Jose Geraldo Vieira
For decades there has been controversy regarding the author’s date and place of birth. The author himself claimed publicly to have been born in Rio de Janeiro in 1897, although official birth records seem to indicate that he and his twin brother (who died in infancy) were born in Ilha Terceira, in the Portuguese Azores Islands, in 1896. Regardless of the controversy, Vieira is regarded as a Brazilian author. He was adopted and raised by his mother’s brother, who gave him the name Vieira, after his parents died when he was ten years old. He lived in Brazil for most of his life, although he attended high school in Paris, at the famed Lycée Condorcet, and returned to Europe after medical school in Brazil to acquire specialized training in the then-new field of radiology, a profession which he practiced for a number of years before giving it up to pursue writing full time.

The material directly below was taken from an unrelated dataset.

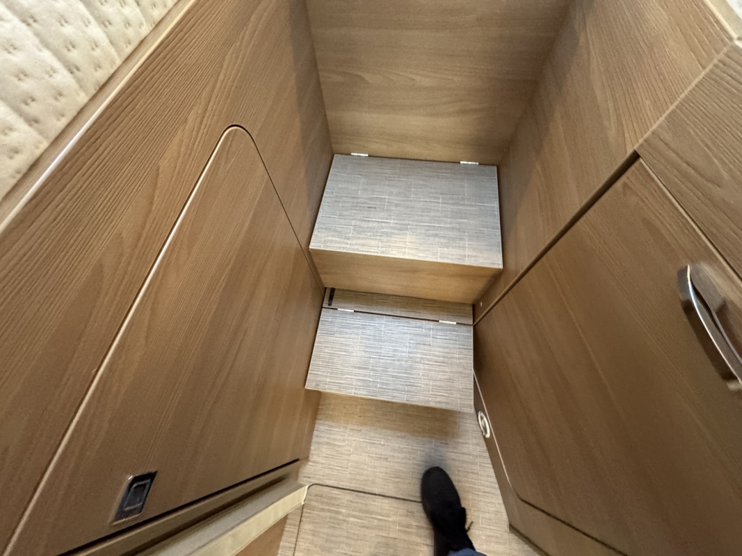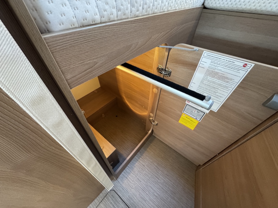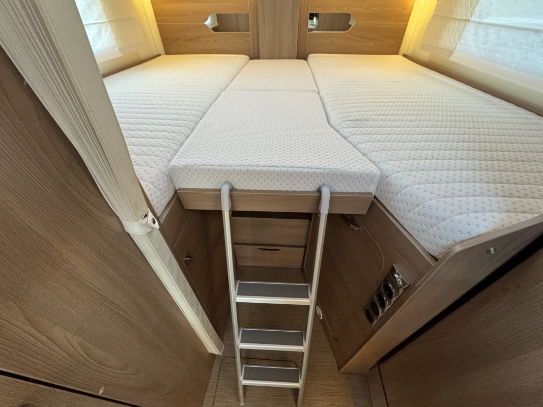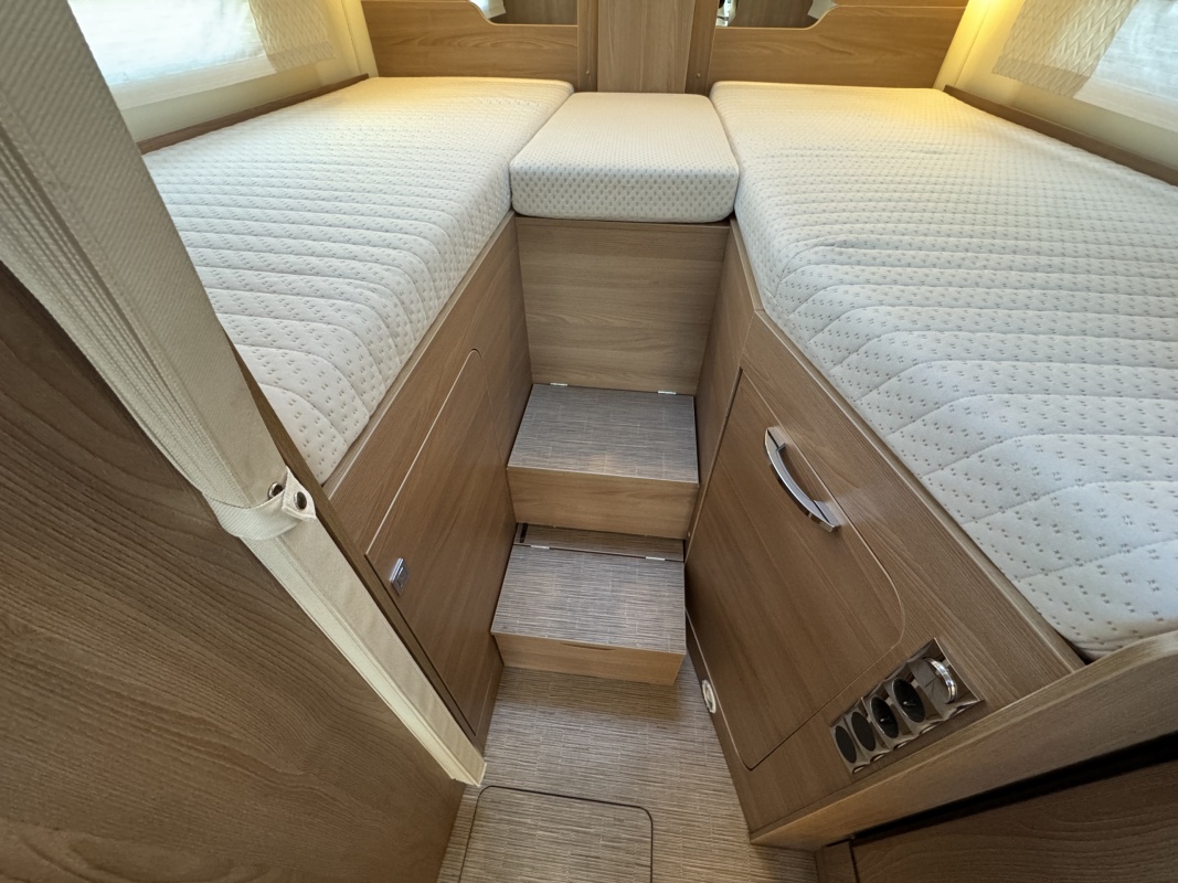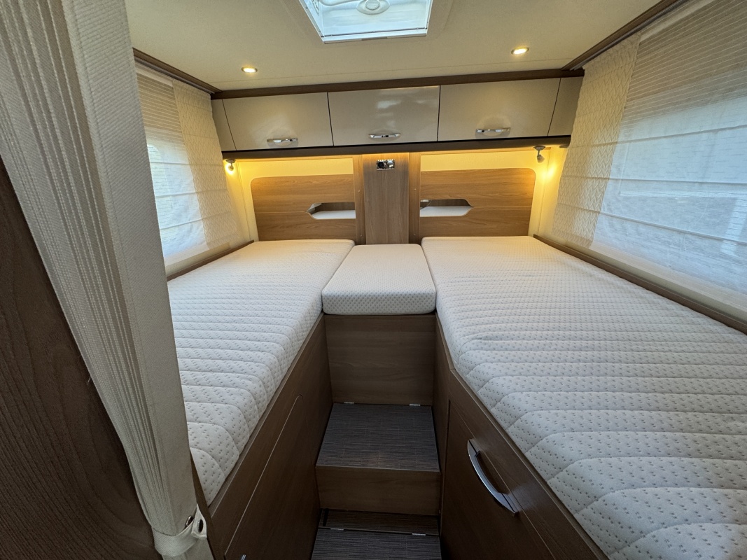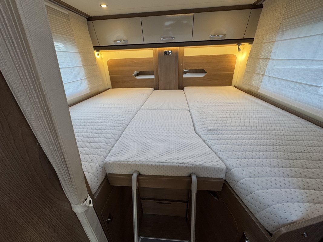 Achterin twee royale lengte bedden met een dikke comfortabele matras en een gemakkelijke instap! De bedden zijn ook samen te voegen tot één groot bed. Onder de bedden is veel kastruimte en een XXL garage!

Vieira is the author of fifteen works, including novels, a book-length poem, short stories, a memoir, and a volume of his art criticism. Acclaimed during his lifetime for his poetic style and ability to delve into the complexities of the human soul, Vieira was overshadowed in the late twentieth and early twenty-first centuries by more popular Brazilian writers. Since 2020, however, Vieira’s works have undergone something of a renaissance, with four of his major titles reissued in Portuguese by the São Paulo publishing house CEDET. In addition to The Slope of Memory, two other titles, The Woman Who Escaped from Sodom, and The Fortieth Door, will be out in English translations soon.
In addition to his work as an author and critic, Vieira translated the works of numerous European and American authors into Portuguese, including the first-ever Portuguese rendition of Jame’s Joyce’s classic A Portrait of the Artist as a Young Man. Vieira also translated works by Dostoevsky, Tolstoy, Stendahl, Mauriac, Hemingway, Twain, Merton and others, more than sixty titles over a twenty-seven-year period.